As with the match operator, the o option to the substitution
operator tells the Perl interpreter to replace a scalar variable
name with its value only once. For example, the following statement
substitutes the current value of $var for its name, producing
a replacement string:
$string =~ /abc/$var/o;
This replacement string then never changes, even if the value
of $var changes. For example:
$var = 17;
while ($var > 0) {
$string = <STDIN>;
$string =~ /abc/$var/o;
print ($string);
$var--; # the replacement string is still "17"
}
Again, as with the match operator, there is no real reason to
use the o option.
As in the pattern-matching operator, the s and m
options specify that the string to be matched is to be treated
as a single line or as multiple lines, respectively.
The s option ensures that the newline character \n
is matched by the . special character.
$string = "This is a\ntwo-line string.";
$string =~ s/a.*o/one/s;
# $string now contains "This is a one-line string."
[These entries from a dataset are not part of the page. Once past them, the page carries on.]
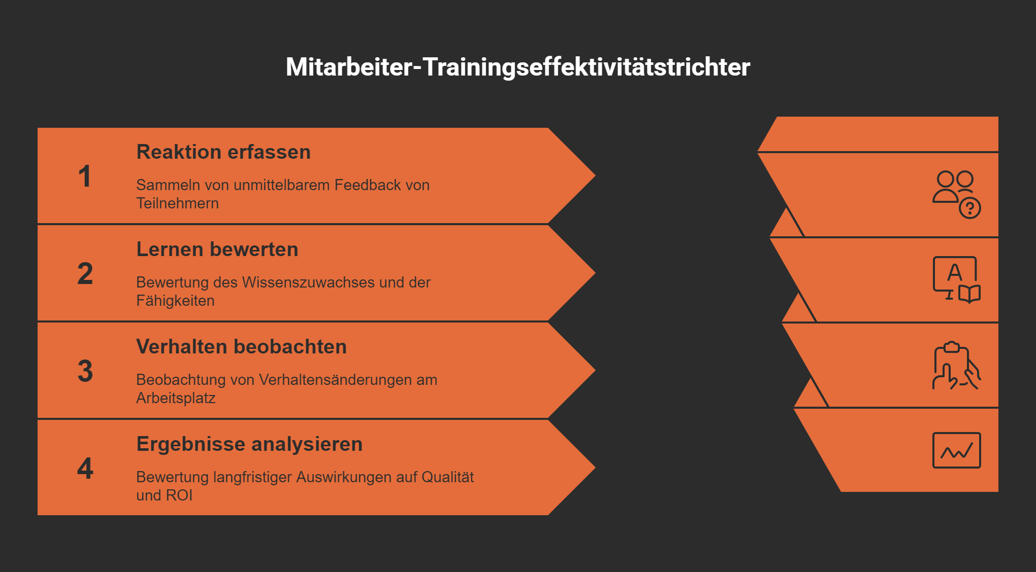 Um den Erfolg der Schulungsmaßnahmen zu messen, kannst Du verschiedene Evaluationsmethoden einsetzen. Diese helfen Dir, die Effektivität der Trainings zu bewerten und gezielt zu verbessern: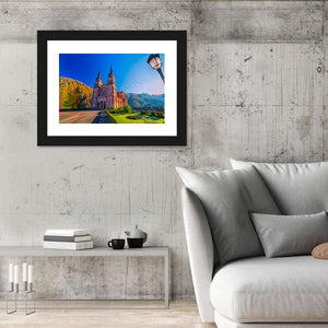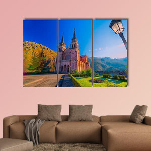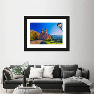 Sanctuary of Covadonga in Spain features a red sandstone cathedral with twin spires set against mountains, trees, and a manicured lawn under a clear blue sky. The realistic, sunlit scene feels serene and majestic. It works well in a living room or entryway that needs a calm, place-based landscape.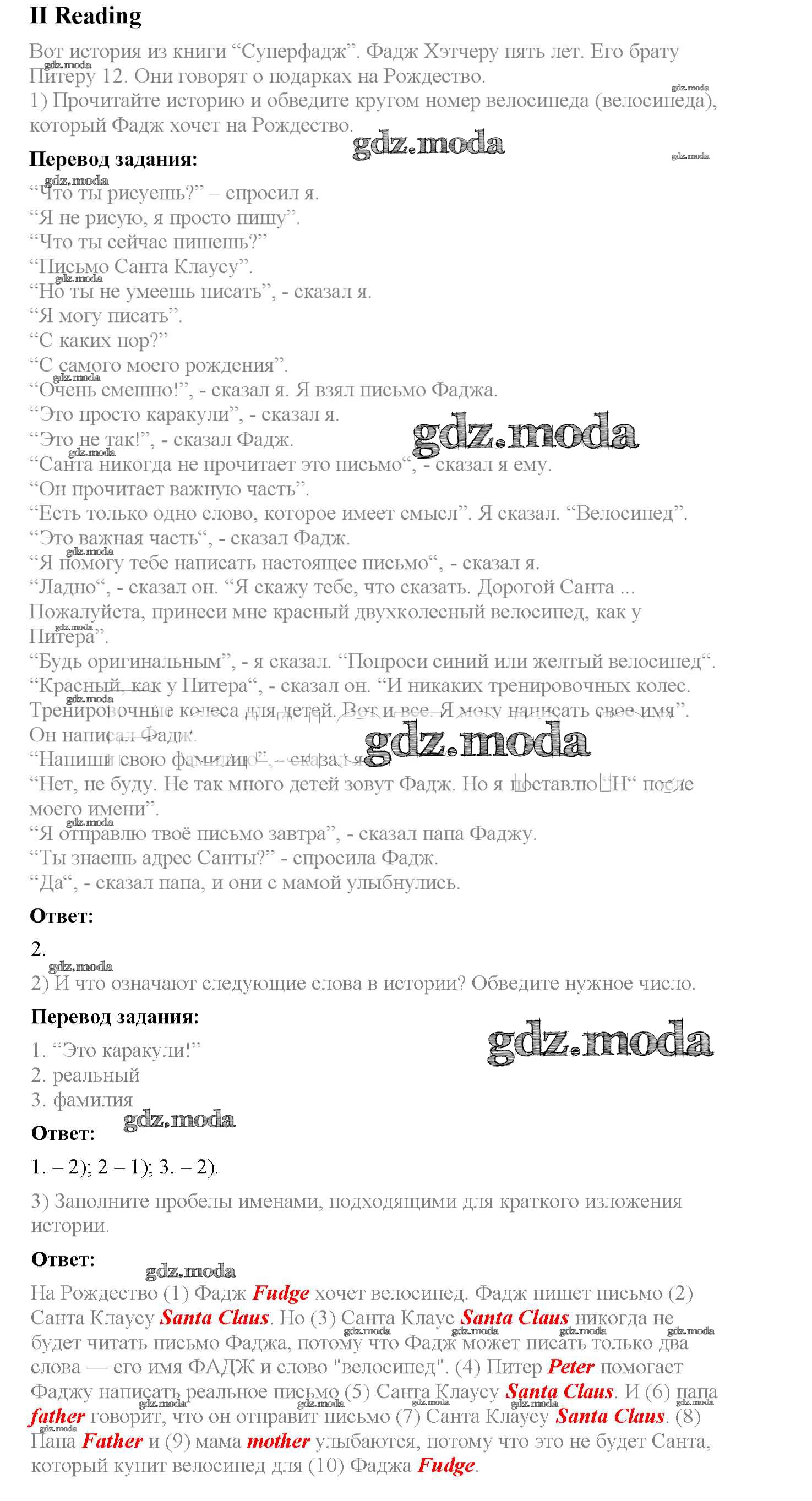 ОТВЕТ на задание № Reading Рабочая тетрадь по Английскому языку 4 класс Кузовлёв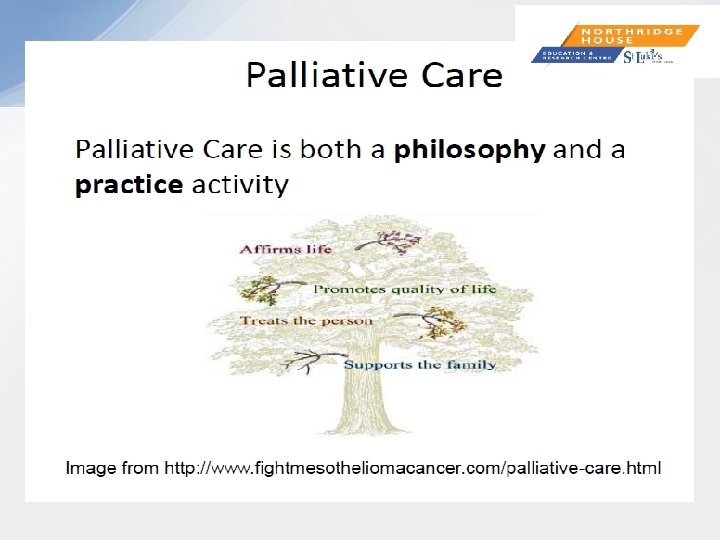 What is a Palliative Care Approach? § Recognises that death is inevitable § Provides opportunities for the person to make plans and set goals about their care § Includes the family, should the person wish, to be involved in planning for their care § Maximises the persons full potential and quality of life as defined by them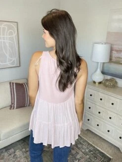 Features: round neck, sleeveless, tiered back hem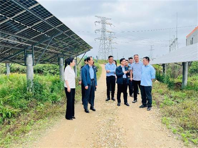 在項目工程人員帶領(lǐng)下,校長楊建華一行實地走訪了唐河光伏電站140兆瓦變電站和占地近三千畝的光伏板區(qū),對該光伏電站的設(shè)計、運維情況,工人值守工作內(nèi)容、需要技能等情況進行了詳細的詢問和了解。通過參觀交流,了解了光伏組件的相關(guān)參數(shù)、發(fā)電效率、發(fā)電影響因素、維護方式、經(jīng)濟效益和社會效益等內(nèi)容。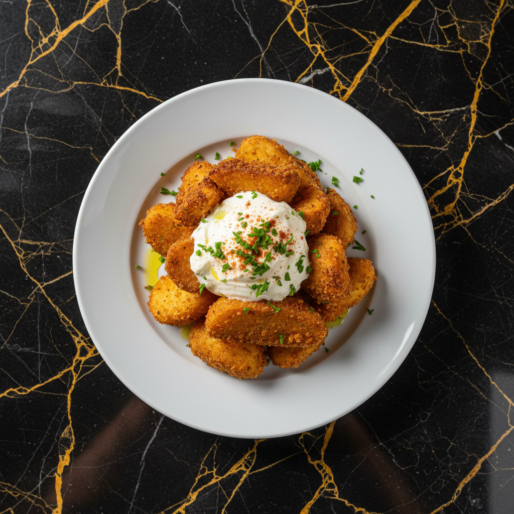 A comforting and indulgent dish featuring thick-cut potatoes, fried to a golden crisp, and served with a generous dollop of rich, creamy kajmak. It's a popular side dish or a light meal.

If the m option is specified, ^ and $
match the beginning and end of any line.
$string = "The The first line\nThe The second line";
$string =~ s/^The//gm;
# $string now contains "The first line\nThe second line"
$string =~ s/e$/k/gm;
# $string now contains "The first link\nThe second link"
 |
The \A and \Z escape sequences (defined in Perl 5) always match only the beginning and end of the string, respectively. (This is the only case where \A and \Z behave differently from ^ and $.)
|
| NOTE |
The m and s options are defined only in Perl 5. To treat a string as multiple lines when you run Perl 4, set the $* system variable, described on Chapter 17.
|
The x option tells the Perl interpreter to ignore all
white space unless preceded by a backslash. As with the pattern-matching
operator, ignoring white space makes complicated string patterns
easier to read.
$string =~ s/\d{2} ([\W]) \d{2} \1 \d{2}/$1-$2-$3/x
This converts a Chapter-month-year string to the dd-mm-yy
format.
| NOTE |
Even if the x option is specified, spaces in the replacement string are not ignored. For example, the following replaces 14/04/95 with 14 - 04 - 95, not 14-04-95:
$string =~ s/\d{2} ([\W]) \d{2} \1 \d{2}/$1 - $2 - $3/x
Also note that the x option is defined only in Perl 5.
|
You can specify a different delimiter to separate the pattern
and replacement string in the substitution operator. For example,
the following substitution operator replaces /u/bin with
/usr/local/bin:
s#/u/bin#/usr/local/bin#
The search and replacement strings can be enclosed in parentheses
or angle brackets.
s(/u/bin)(/usr/local/bin)
s</u/bin>/\/usr\/local\/bin/
| NOTE |
As with the match operator, you cannot use a special character both as a delimiter and in a pattern.
s.a.c.def.
This substitution will be flagged as containing an error because the . character is being used as the delimiter. The substitution
s.a\.c.def.
does work, but it substitutes def for a.c, where . is an actual period and not the pattern special character.
|
Perl also provides another way to substitute one group of characters
for another: the tr translation operator. This operator
uses the following syntax:
tr/string1/string2/
Here, string1 contains a list of characters to be replaced,
and string2 contains the characters that replace them.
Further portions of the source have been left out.